■ Task goal ■
Among the records below, find the line with "Une Aire De" and the line with "一款声音交友平台,用户可以这". Set down both and every line between, exactly and with no pictures, but nothing else.

■ Provided information ■
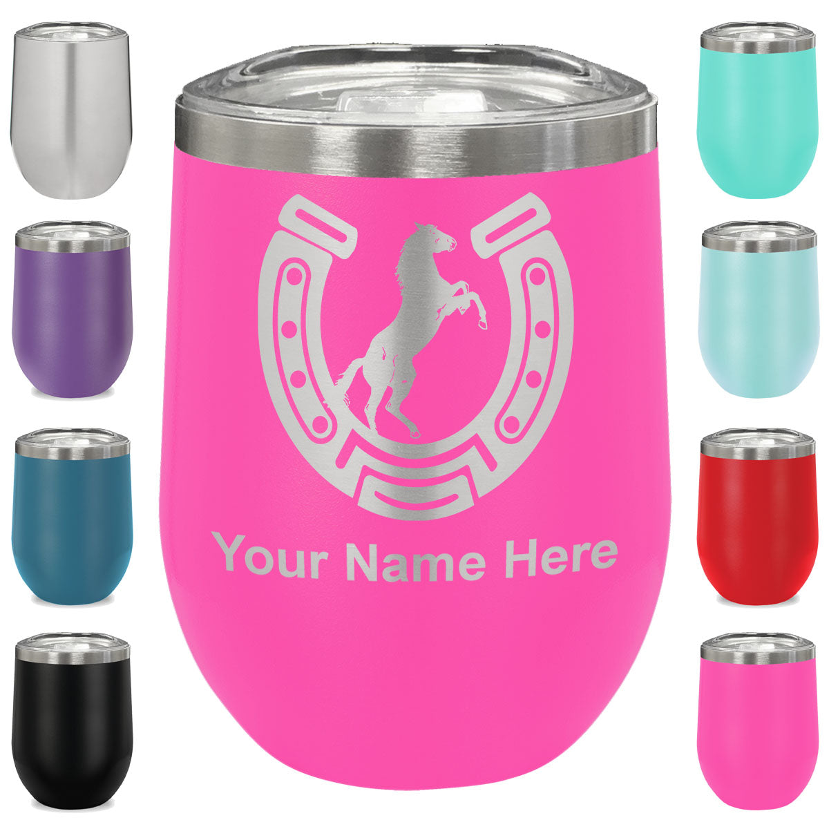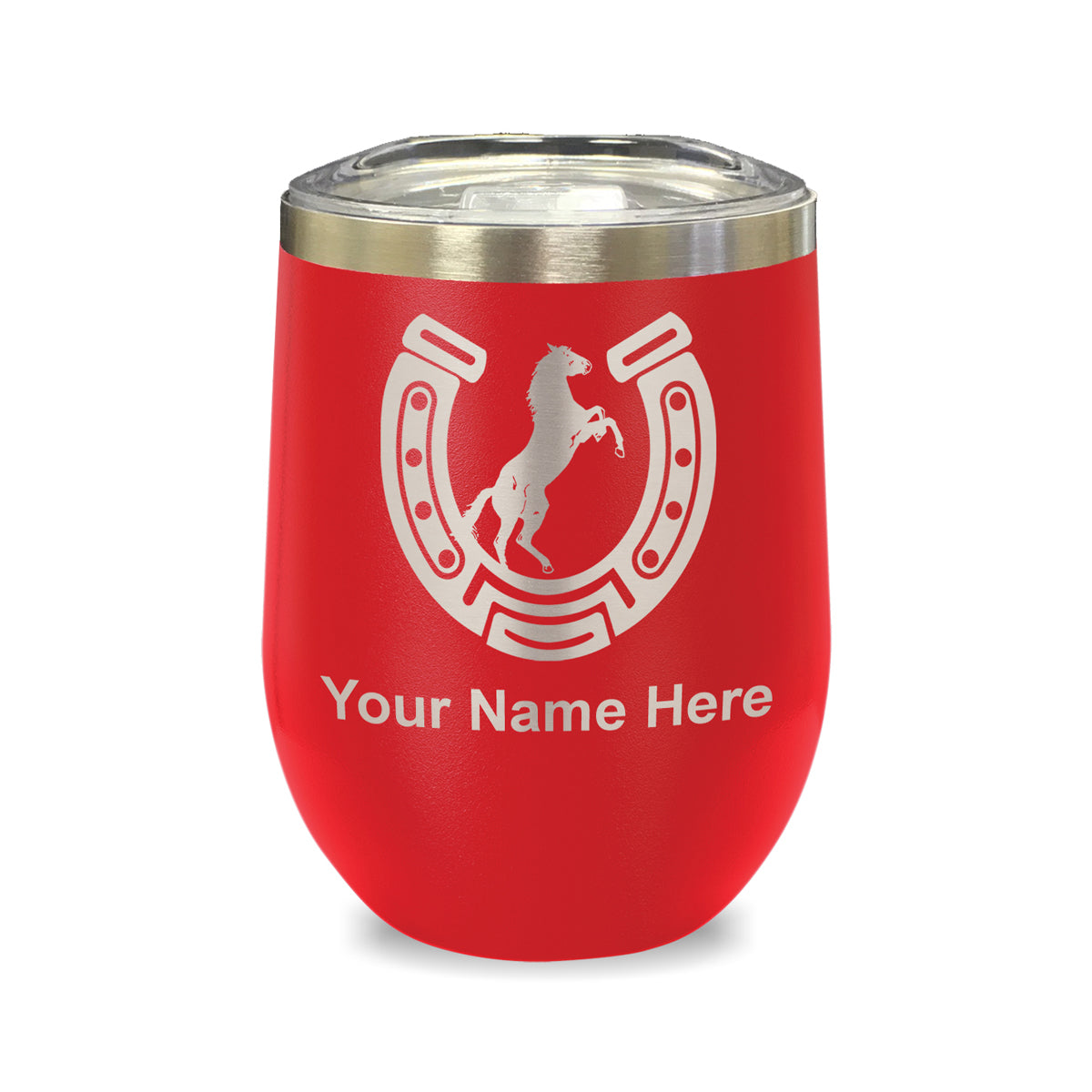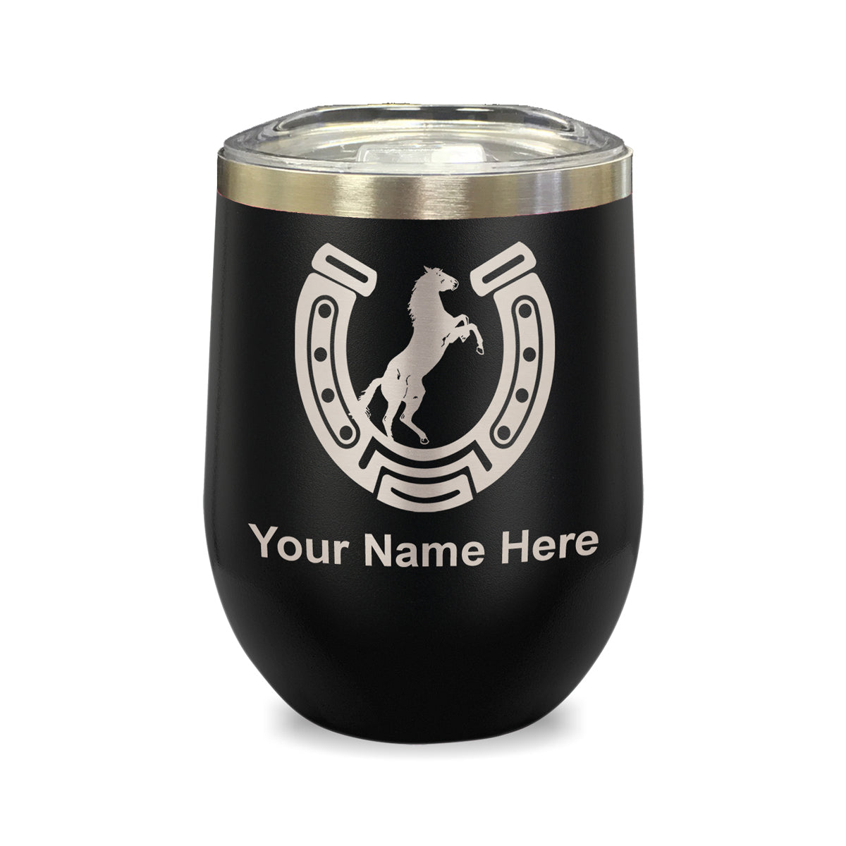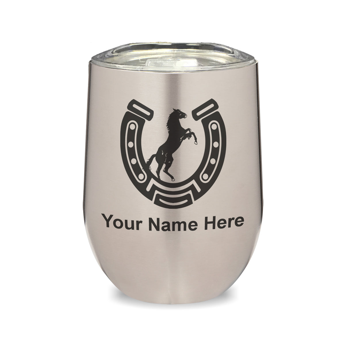 LaserGram Double Wall Stainless Steel Wine Glass, Horseshoe with Horse, Personalized Engraving Included
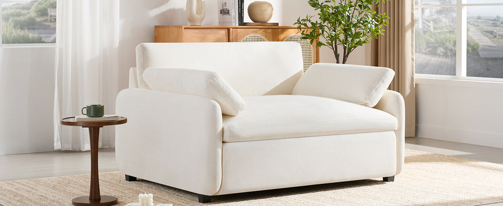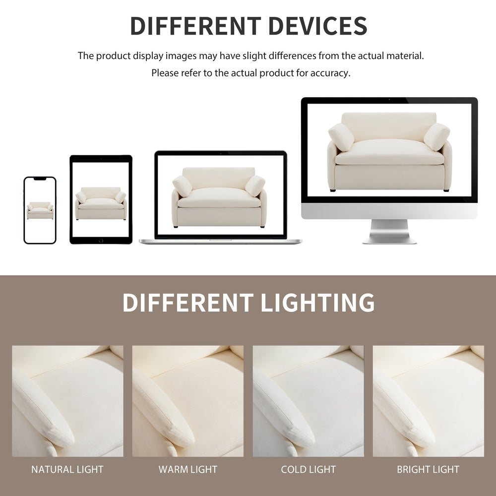 Relax in style with this spacious 50-inch by 43-inch single sofa chair, designed to offer an immersive seating experience. Upholstered in soft, creamy chenille fabric, this modern armchair provides cloud-like comfort through a high-density foam and PP cotton blend. The wide and deep seat lets you lounge cross-legged, recline sideways, or stretch out fully, transforming any living room or apartment space into a cozy retreat. Featuring a sturdy wood and plywood frame with sleek plastic legs, it combines durability with practical simplicity. Included armrest pillows add extra support, making this chair a perfect blend of luxury and function. Elevate your living area with this versatile, comfy accent chair today.
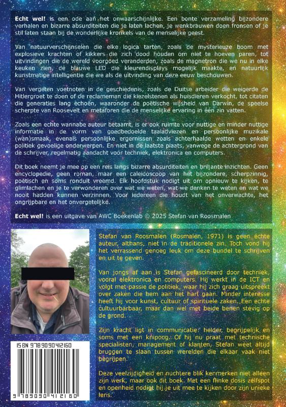 Echt wel! is een ode aan het onwaarschijnlijke. Een bonte verzameling bijzondere verhalen en bizarre absurditeiten die je laten lachen, je wenkbrauwen doen fronsen of je stil laten staan bij de wonderlijke kronkels van de menselijke geest. Van natuurverschijnselen die elke logica tarten, zoals de mysterieuze boom met explosieve krachten of kikkers die zich dood houden om niet te hoeven paren, tot uitvindingen die de wereld voorgoed veranderden, zoals de magnetron die we nu in elke keuken zien, de blauwe LED die kleurendisplays mogelijk maakte, en natuurlijk kunstmatige intelligentie die we als de uitvinding van deze eeuw beschouwen. Van vergeten voetnoten in de geschiedenis, zoals de Duitse arbeider die weigerde de Hitlergroet te doen of de reclameman die kiezelstenen als huisdieren verkocht, tot citaten die generaties lang echoën, waaronder de poëtische wijsheid van Darwin, de speelse scherpte van Roosevelt en metaforen die de menselijke ervaring in één zin vatten. Zoals een echte wannabe auteur betaamt, is er ook ruimte voor nuttige en minder nuttige informatie in de vorm van goedbedoelde taaladviezen en persoonlijke muzikale (wan)smaak, evenals persoonlijke ergernissen zoals achterhaalde wetten en enkele politiek gevoelige onderwerpen. En niet in de laatste plaats, vanwege de achtergrond van de schrijver, regelmatig aandacht voor techniek, electronica en computers. Dit boek neemt je mee op een reis langs bizarre absurditeiten en briljante inzichten. Geen encyclopedie, geen roman, maar een caleidoscoop van het bijzondere, scherpzinnig, poëtisch en soms ronduit vreemd. Elk hoofdstuk nodigt uit om opnieuw te kijken, te glimlachen en je te verwonderen over wat we weten, wat we denken te weten en wat we nooit hadden kunnen verzinnen. Voor iedereen die houdt van het onverwachte, het ongrijpbare en het onvergetelijke.
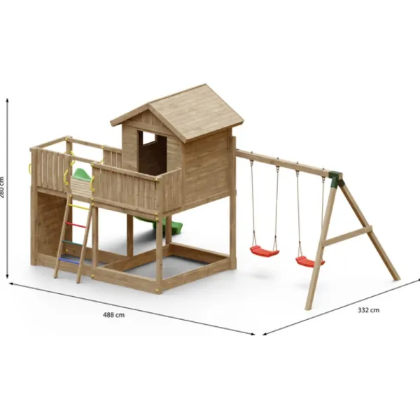 Une Aire De Jeux En Bois Complete Avec Un Toboggan Avec Une Longueur De Glisse De 2,20 Metres, Une Maison En Bois Afin D’Avoir Un Endroit Ou Partager Des Moments De Complicite Avec Ses Amis Avec Une Echelle Avec Des Echelons Metalliques Pour Y Acceder Et Un Portique Avec Deux Balancoires Pour Se Balancer Pendant Des Heures.
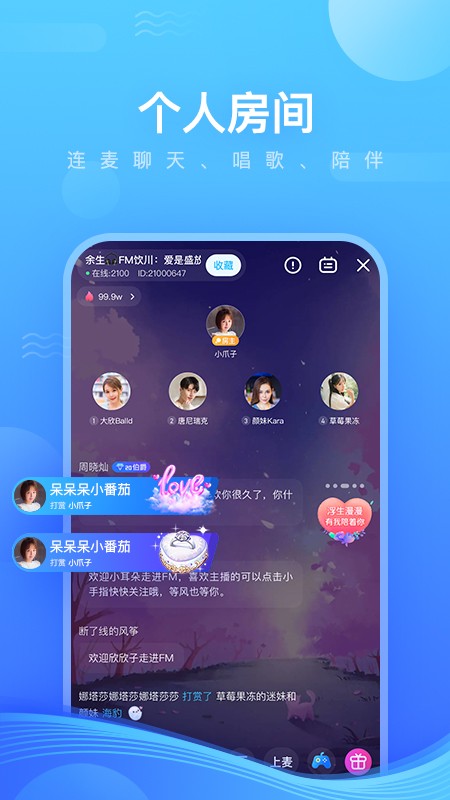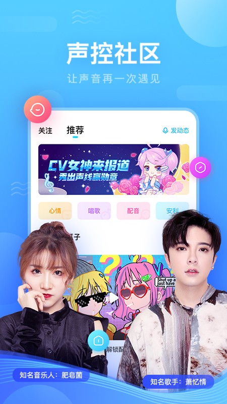 一款声音交友平台,用户可以这里进行直播,凭借你感兴趣的声音去交友,简直是升空的福利,在这能享受到极致的听觉盛宴,深受年轻人喜欢。在这里可以谈心,可以聊自己的兴趣爱好,可以聊最近在追的剧,来这找到和自己兴趣一样的人吧。
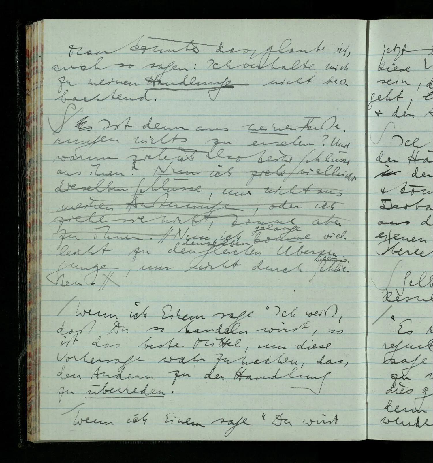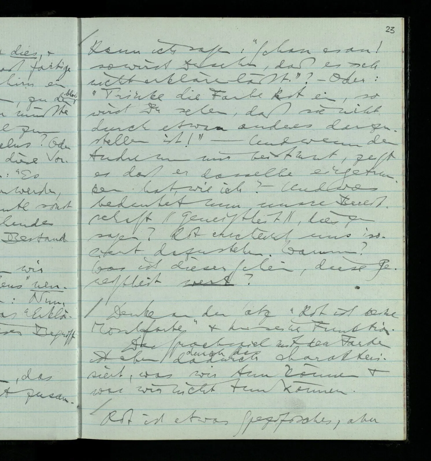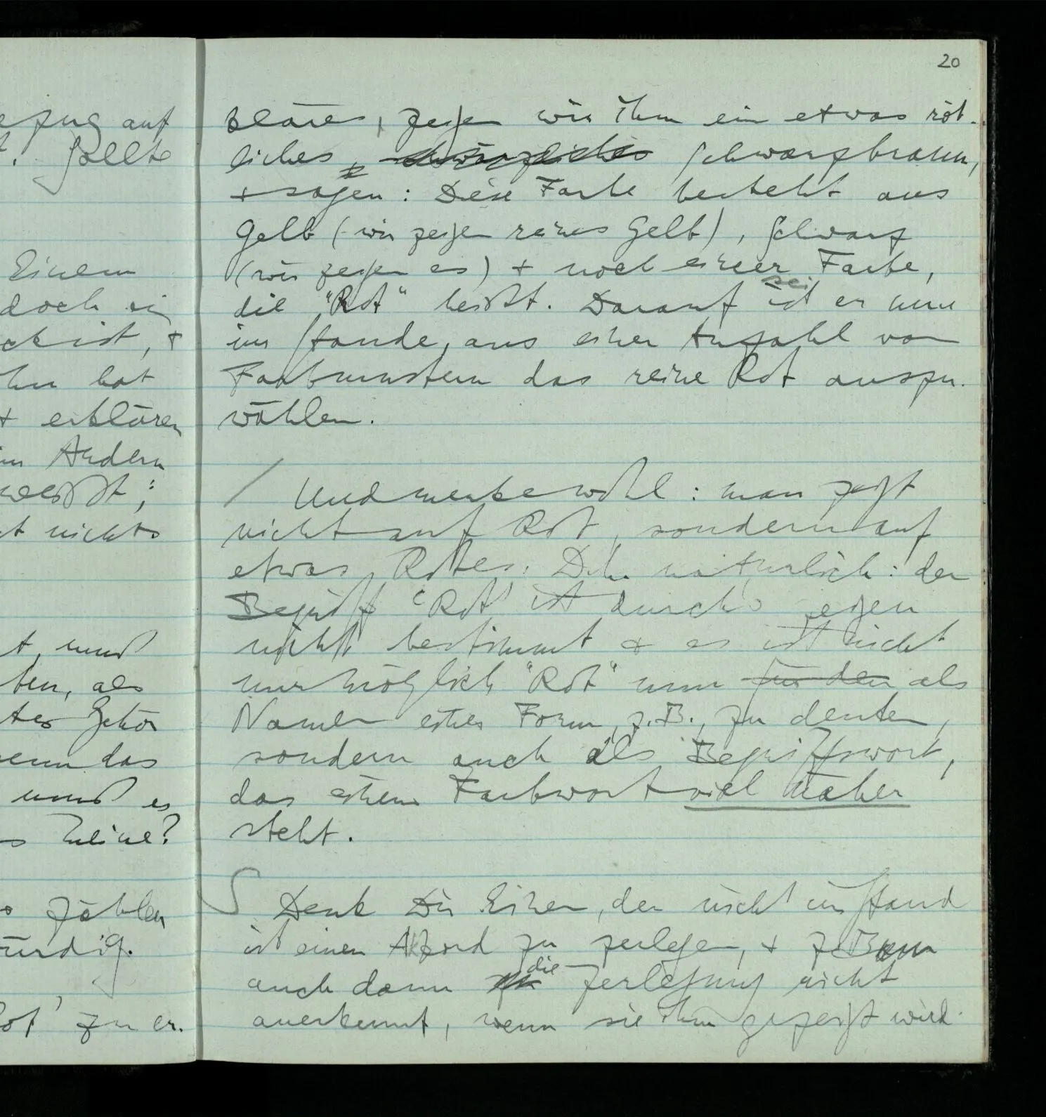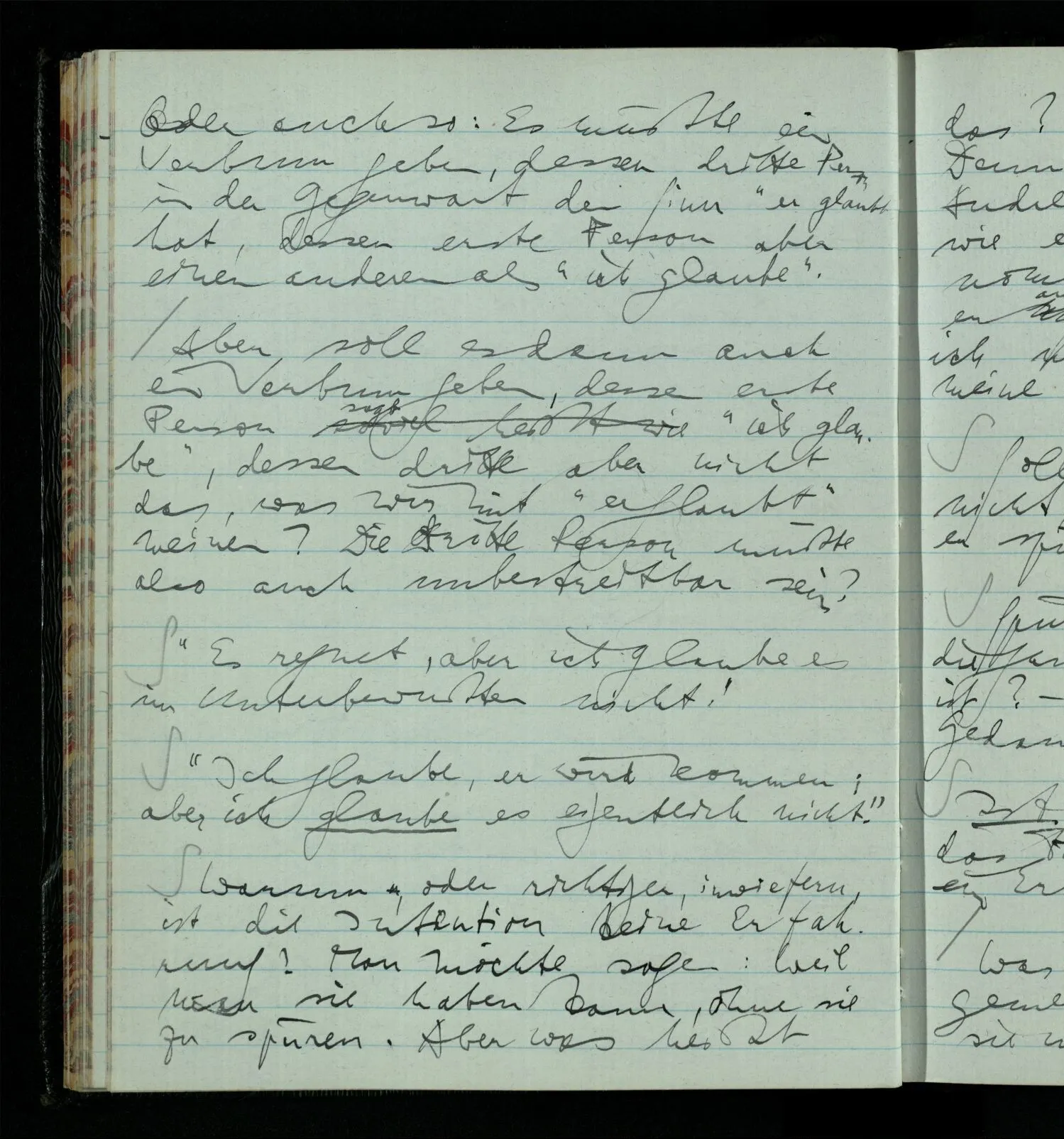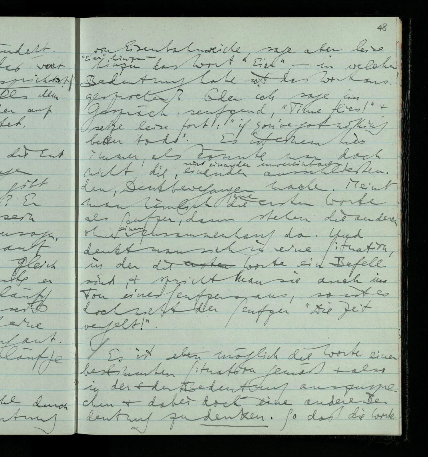 “Der Mensch ist im Stande, in voller Abgeschlossenheit mit sich selbst zu reden; in einer Isolierung, die weit vollkommener ist, als jede körperliche Isolierung.” Wie weiß ich, daß dem N. dies gegeben ist? – Weil er’s sagt & zuverlässig ist? – Und doch sagen wir: “Ich wüßte gerne, was er jetzt bei sich denkt”; ganz so, wie wir sagen könnten: “Ich wüßte gerne, was er jetzt in sein Notizbuch schreibt”. Ja, man könnte eben das sagen & es, sozusagen, als selbstverständlich ansehen, daß er bei sich das denkt, was er in’s

■ Reply ■
 Une Aire De Jeux En Bois Complete Avec Un Toboggan Avec Une Longueur De Glisse De 2,20 Metres, Une Maison En Bois Afin D’Avoir Un Endroit Ou Partager Des Moments De Complicite Avec Ses Amis Avec Une Echelle Avec Des Echelons Metalliques Pour Y Acceder Et Un Portique Avec Deux Balancoires Pour Se Balancer Pendant Des Heures.
 一款声音交友平台,用户可以这里进行直播,凭借你感兴趣的声音去交友,简直是升空的福利,在这能享受到极致的听觉盛宴,深受年轻人喜欢。在这里可以谈心,可以聊自己的兴趣爱好,可以聊最近在追的剧,来这找到和自己兴趣一样的人吧。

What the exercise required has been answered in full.